Я иду за ним на кухню и прислоняюсь к рабочему столу, пока он достает из морозилки пакет замороженного горошка. Первое прикосновение холода к разгоряченной щеке заставляет меня отдернуть пакет, но папа нежно прижимает его обратно к моему лицу.

– Твой брат в порядке?

Я колеблюсь, скованная не столько холодом замороженного горошка, сколько неожиданностью вопроса. Я знаю, что они с мамой говорят о Джейсоне наедине, но никогда со мной или Лорой. Я знаю, как тяжело отцу, и все же не могу себе представить, каково это – видеть арест своего первенца, слышать его признание в чем-то невообразимо чудовищном, а потом сознавать, что, возможно, ты и не доживешь до того дня, когда твой ребенок выйдет на свободу. Вина, горе, гнев и беспомощность – все эти чувства, должно быть, сокрушительны. И в довершение всего ему теперь приходится видеть, как Лора с каждым днем все больше отстраняется от жизни, а натянутая улыбка мамы становится все более хрупкой.
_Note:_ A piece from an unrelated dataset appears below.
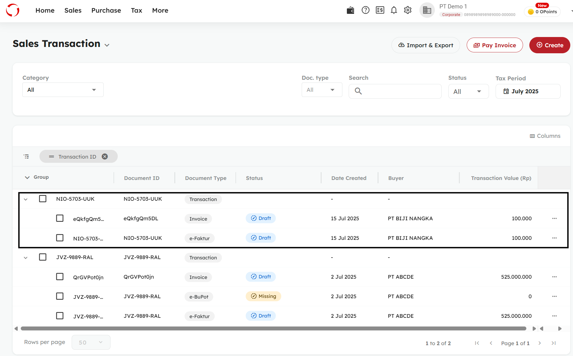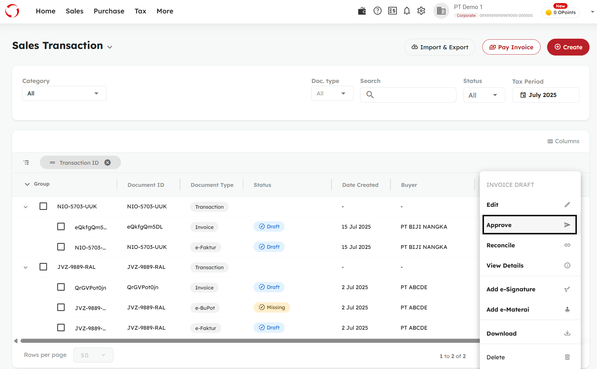 - After completing all transaction details, you can return to the transaction list to see your transaction recorded as a draft

Возможно, ему легче вырвать Джейсона из своего сердца, и все это время мне казалось, что он так и сделал.

Вопрос такой короткий, всего несколько слов: «Твой брат в порядке?» Но от меня не ускользает то, как папа задерживает дыхание в ожидании моего ответа.

Я киваю, и папа, выдыхая, тоже.

– Ты ей скажешь? Не сейчас, но…

– Скажу, – обещаю я, опуская пакет с горошком на стол, но папа останавливает меня, прежде чем я собираюсь уйти, берет за руку и оглядывает мою щеку. Она все еще горит, и это значит, что по-прежнему красная. Мама и так тяжело переживает случившееся, а уж когда увидит последствия отвешенной ею пощечины – ужаснется. Я снова прикладываю ледяной пакет к щеке. – Завтра. Я скажу ей завтра.

Он кивает и, задерживая взгляд на моем компрессе, улыбается.

– Я помню. – Улыбка становится шире. – Замороженные овощи на твоих коленях или лодыжках. Ты всегда прикладывала эти пакеты, когда падала на тренировках. Никогда не видел, чтобы такая крошка столько плакала. Но ты ни разу не заикнулась о том, что хочешь это бросить, верно?

– Нет, никогда. – Мне хочется улыбнуться и заплакать, вспоминая о том, как мы с папой возвращались домой с тренировки, набивая машину пакетами со льдом или замороженными овощами с «ближайшего к кассе прилавка в первом попавшемся магазине». Отец позволял мне плакать всю дорогу, если мне того хотелось, но всегда заставлял вытереть слезы, прежде чем меня увидит мама, объясняя, что мамы не любят смотреть, как плачут их дети. Это ранит их сердца.

– Я скучаю по твоему фигурному катанию, – говорит он, когда я убираю с лица пакет с горошком. – Самое прекрасное, что я когда-либо видел, это ты на льду.

– Я все еще катаюсь на коньках, – возражаю я, но мы оба знаем, что это совсем другое. Мне тяжело дышать, и приходится отвести взгляд, потому что иначе, боюсь, увижу, как плачет мой отец.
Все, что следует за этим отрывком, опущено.